On terminera sur un point qui risque même de causer de réels problèmes judiciaires à Microsoft : la license réclame pour l'éditeur le droit de recevoir de l'ordinateur des informations sur sa configuration, et de désactiver les programmes qui gèneraient le système de DRM. En clair, installer CDParanoia pourrait mener à un refus de fonctionner du système. Quels sont les critères ? Mystère. On croyait qu'un ordinateur était censé obéir à son propriétaire, pas à l'éditeur de l'OS...

Conclusion

Windows 2000 marque un progrès indéniable, notamment au niveau de la stabilité, par rapport aux version précédentes.
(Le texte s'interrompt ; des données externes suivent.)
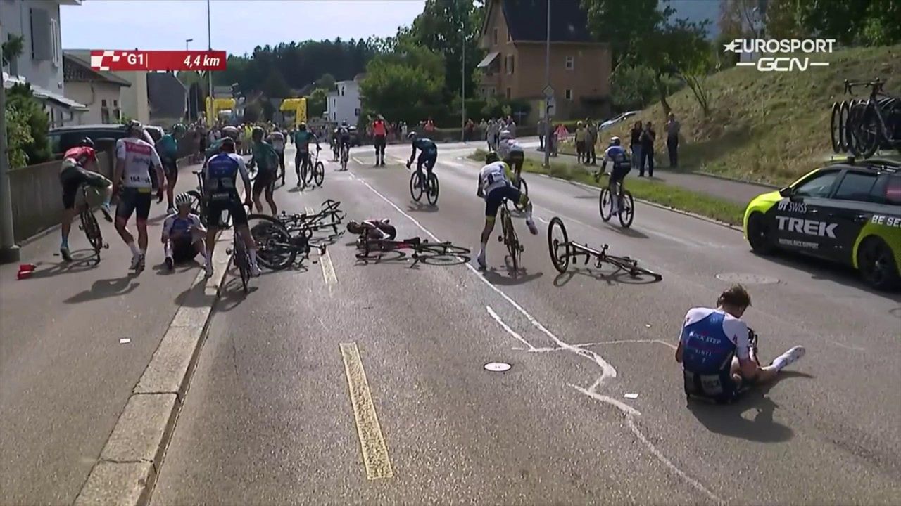 Scendendo dal Passo Albula verso l'arrivo di La Punt, a 90 km/h, è uscito male da una curva insieme al corridore americano Sheffield ed è volato tra le pietraie per 30 metri.
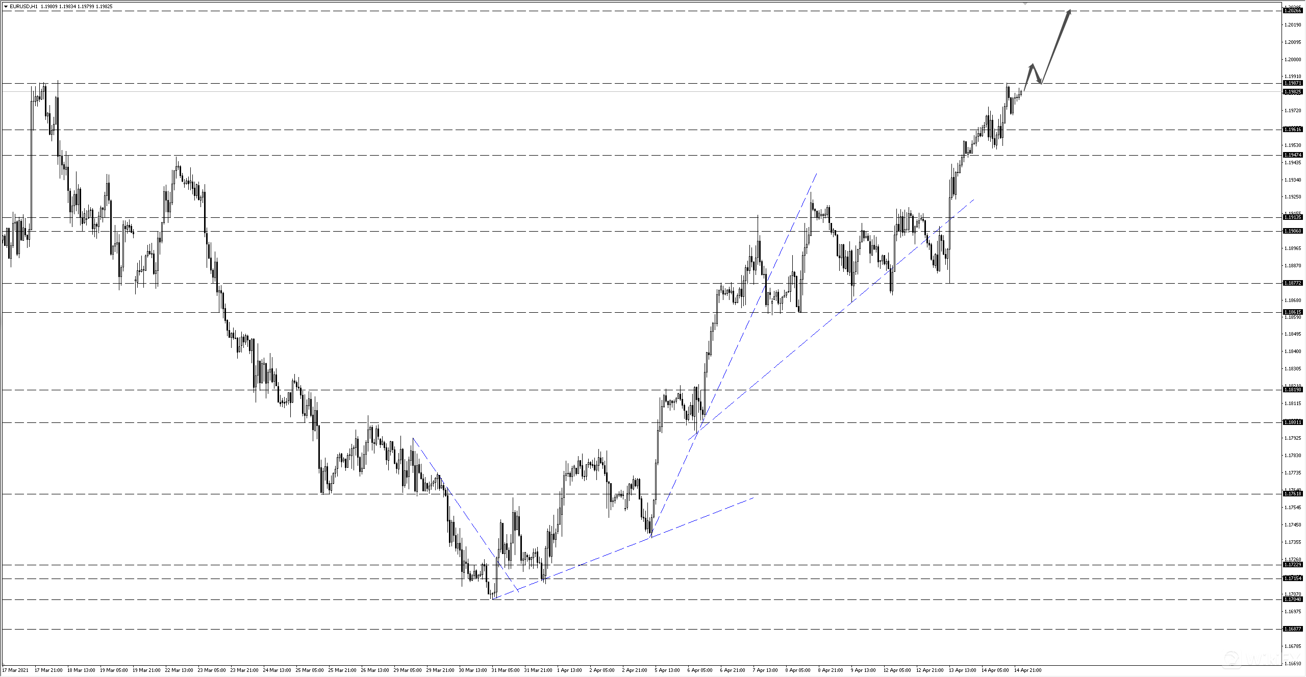 周三(4月14日)美元指数刷新近四周低点至91.57,因美债收益率持于近期高位下方,降低了美元的相对吸引力,包括高盛和摩根大通在内美国一些银行的强劲业绩降低了对避险资产的需求。鲍威尔表示,美联储正在等待价格和就业达到目标后再考虑加息,这也给美元带来压力,欧元兑美元触及3月18日以来最高水平1.1987。

La plupart des autres lacunes n'ont cependant toujours pas été corrigées.

Microsoft semble soufrir d'autisme et du syndrome NIH (Not Invented Here), et s'assoit systématiquement sur tous les standards courants : protocoles de communication, formats de documents... sans y apporter pourtant d'amélioration réelle. L'interface graphique est pauvre et très rigide. Sa présence obligatoire et sa lourdeur interdisent une utilisation sérieuse comme serveur. Au niveau sécurité, le casier de l'éditeur est très chargé, et l'absence de disponibilité du code source ne va rien arranger. L'absence de système de paquetage sérieux est un cauchemar d'administration.

Le coût d'utilisation est très élevé. Non seulement les licenses sont chères, mais les coûts cachés sont effroyables : impossibilité de récupérer de vieilles machines en raison de la lourdeur du système, impossibilité de déporter un affichage, points très litigieux dans les licenses, difficulté d'insérer Windows dans l'existant du système d'informations (même si nombre de logiciels libres vous faciliteront la tâche), et nécessité de re-formation complète du personnel à un système étranger à tout ce qui existe déjà.

On se demande comment Windows pourrait conquérir de nouvelles parts de marché dans ces conditions. OS/2, Solaris et BeOS ont déjà bien du mal sur plate-forme PC face aux logiciels libres ; encore ont-ils leurs points forts et respectent-ils les standards. Windows n'est même pas basé sur Unix.

Logiquement, la logithèque de Windows est très réduite. Bien sûr, les logiciels libres qui pullulent déjà sous Solaris, MacOS, Netware ou BeOS sont pour beaucoup déjà portés sous Windows. Mais leur intégration est moins harmonieuse qu'au sein d'un système d'inspiration Unix classique ; Microsoft ne semble pas avoir voulu les utiliser.

Windows 2000 n'est pas prêt pour un usage professionnel ou même personnel. Seuls les passionnés de systèmes alternatifs hors normes, ou les quelques utilisateurs des versions précédentes, lui trouveront un intérêt.


Une version réaliste de ce genre de test a été réalisée en 2006, portant plus particulièrement sur l'installation de la bête : Switching to Windows : not as easy as you think (en anglais).